Exercise aim:
The answer must reproduce the listing exactly, with every picture left out.

Data to use:
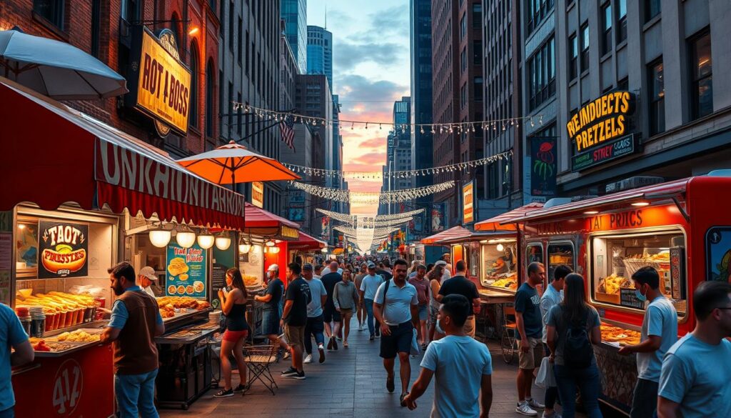 Across the United States, the street food scene is rich and varied. It showcases the southern cuisine, midwest comfort food, and west coast fusion. Each area offers a unique taste adventure for those who love street food.
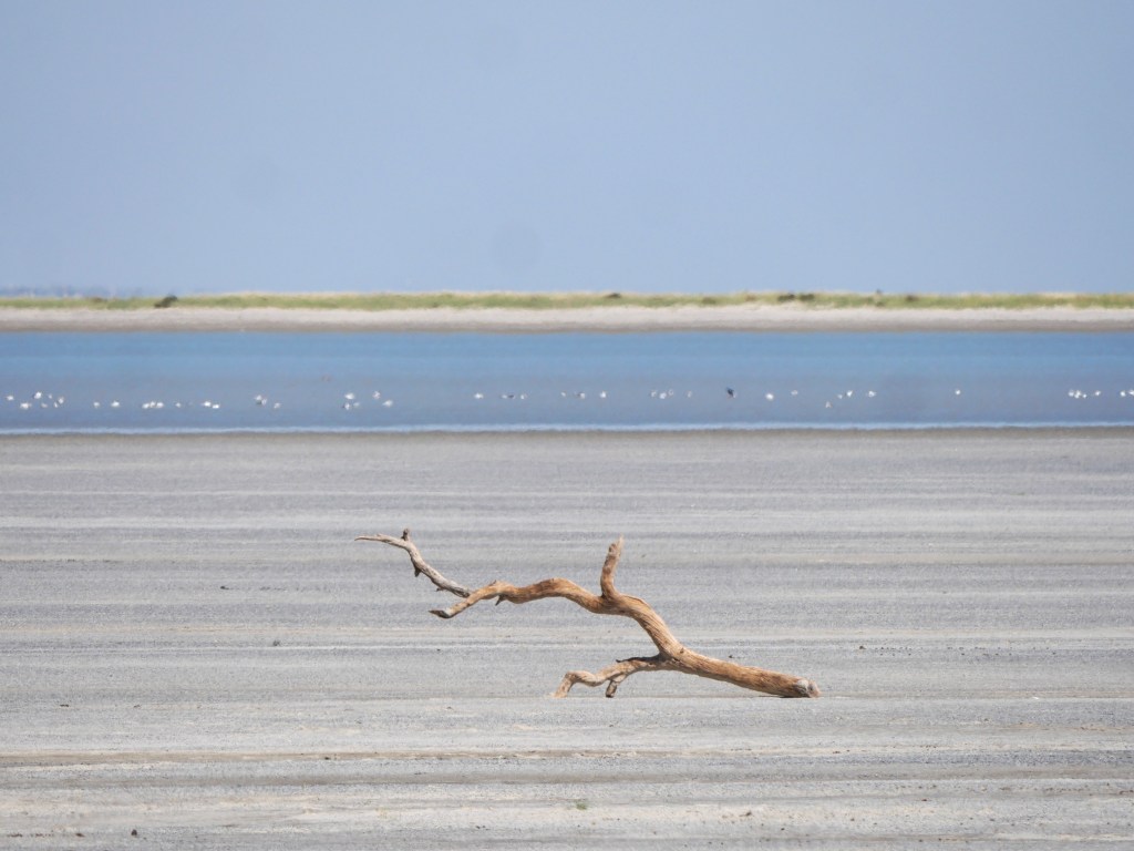 It was only right at the very end of the drive there, around a kilometer from the island itself, that we came to the salt pan. We lost the road and ended up slipping and sliding – and partially sinking – in the soft, salty sand
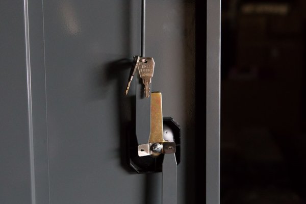 Шкаф мощный. Рама шкафа из профильной трубы. Стенки — стальной лист толщиной 0,7 мм. Задняя стенка перфорированная. Замок.
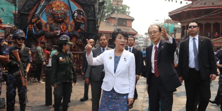 काठमान्डौ/आज नेपाल आउनुभएका जापानका विदेश मन्त्री खामिखावा योकोले आजै दिउँसो काठमाडौँको वसन्तपुर क्षेत्रको अवलोकन गर्नुभएको छ ।
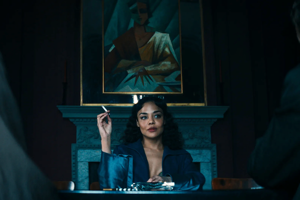 In Ibsen, the alcohol-soaked party during which Lövborg’s manuscript comes into George Tesman’s possession happens offstage, but DaCosta’s masterstroke is to build almost the entirety of the action around an increasingly feverish soiree held at the grand (and unaffordable) home of the newly married Tesman and Hedda. The manuscript, co-written by Eileen and current lover Thea Clifton (Imogen Poots), continues to function as a perfect MacGuffin, representing the direct threat to George’s more permanent employment as a university professor and to Hedda’s iron-willed sense of self. Additionally, the swirling, roiling waves of the evening blowout buoy the comings and goings of key supporting characters, including Judge Roland Brack (Nicholas Pinnock), who leverages his own power in an increasingly coercive clandestine affair with Hedda.
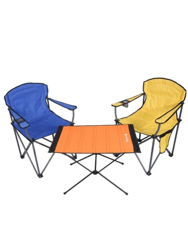به راحتی باز و بسته میشه/دارای کاور برای حمل اسانتر/ قابل شست و شوی میباشد/تحمل وزن تا 150کیلو گرم/ بهترین همراه برای طبیعت گردی قیمت درج شده برای ۲عدد صندلی و میز پارچه ای ست ۲نفره
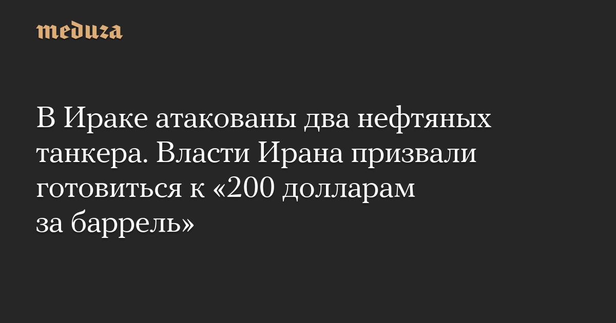 В Ираке атакованы два нефтяных танкера. Власти Ирана призвали готовиться к «200 долларам за баррель»

Reply to the exercise:
 Across the United States, the street food scene is rich and varied. It showcases the southern cuisine, midwest comfort food, and west coast fusion. Each area offers a unique taste adventure for those who love street food.
 It was only right at the very end of the drive there, around a kilometer from the island itself, that we came to the salt pan. We lost the road and ended up slipping and sliding – and partially sinking – in the soft, salty sand
 Шкаф мощный. Рама шкафа из профильной трубы. Стенки — стальной лист толщиной 0,7 мм. Задняя стенка перфорированная. Замок.
 काठमान्डौ/आज नेपाल आउनुभएका जापानका विदेश मन्त्री खामिखावा योकोले आजै दिउँसो काठमाडौँको वसन्तपुर क्षेत्रको अवलोकन गर्नुभएको छ ।
 In Ibsen, the alcohol-soaked party during which Lövborg’s manuscript comes into George Tesman’s possession happens offstage, but DaCosta’s masterstroke is to build almost the entirety of the action around an increasingly feverish soiree held at the grand (and unaffordable) home of the newly married Tesman and Hedda. The manuscript, co-written by Eileen and current lover Thea Clifton (Imogen Poots), continues to function as a perfect MacGuffin, representing the direct threat to George’s more permanent employment as a university professor and to Hedda’s iron-willed sense of self. Additionally, the swirling, roiling waves of the evening blowout buoy the comings and goings of key supporting characters, including Judge Roland Brack (Nicholas Pinnock), who leverages his own power in an increasingly coercive clandestine affair with Hedda.
به راحتی باز و بسته میشه/دارای کاور برای حمل اسانتر/ قابل شست و شوی میباشد/تحمل وزن تا 150کیلو گرم/ بهترین همراه برای طبیعت گردی قیمت درج شده برای ۲عدد صندلی و میز پارچه ای ست ۲نفره
 В Ираке атакованы два нефтяных танкера. Власти Ирана призвали готовиться к «200 долларам за баррель»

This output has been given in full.